AGW Defeat
My friend George Rebane has been asking for a AGW Skeptics Score Card. He wants to know when have skeptical efforts had a legislative impact, or changed the public attitude about human caused global warming, often referred to as anthropogenic global warming. I will link to Wins and Loses. However, this is a huge undertaking and I will be counting readers to report on all those that I missed. (Beta Design)
Wins: Legislature, Executive, or Agency takes an action to removed or diminish regulation of human CO2 emissions. Polls that show a decline in concern for global warming by citizens in the United States.
Loses: Legislature, Executive, or Agency takes an action to increase regulation of human CO2 emissions. A poll that shows an increase concern for global warming in the United States.
Wins: (3)
1. Prof. Pielke Jr.: IPCC Lead Author Chris Field Misleads U.S. Congress: ‘What Field says IPCC says is blantantly wrong, often 180 degrees wrong’ Read the Full Article . This analysis was read into the Congressional Record by Senator Inhofe.

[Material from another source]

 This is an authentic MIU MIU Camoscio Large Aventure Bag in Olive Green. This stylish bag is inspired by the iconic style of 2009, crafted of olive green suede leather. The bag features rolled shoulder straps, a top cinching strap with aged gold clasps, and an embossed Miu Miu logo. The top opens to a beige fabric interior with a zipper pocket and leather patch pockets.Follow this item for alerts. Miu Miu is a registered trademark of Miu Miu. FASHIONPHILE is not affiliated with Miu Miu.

2. The US National Oceanic and Atmospheric Administration recently had its climate change-related research budget slashed by a fifth.
3. Climate RIP as political issue?! First time climate ignored in debates since 1984 – Obama in ‘climate denial’ Climate Depot’s Morano: ‘Global warming activists are justifiably outraged by Obama’s climate silence…What happened? How did climate change get reduced to a comedic punch line in 2012? The answer is clear. The man-made global warming fear movement never overcame having a partisan figure like Al Gore being its public face and suffered from having the scandal ridden and distrusted UN IPCC as the source of its science’
Loses
1)
Seven in 10 Californians favor the state law to reduce emissions to 1990 levels, but the partisan gap has grown sharply since 2006.Public Policy Institute of California finds that 70% of all California residence believe in humans caused global warming and in AB-32 CO2 reduction efforts.
- Many Californians (57%) are unaware of the state’s new cap-and-trade system, but a slim majority support it.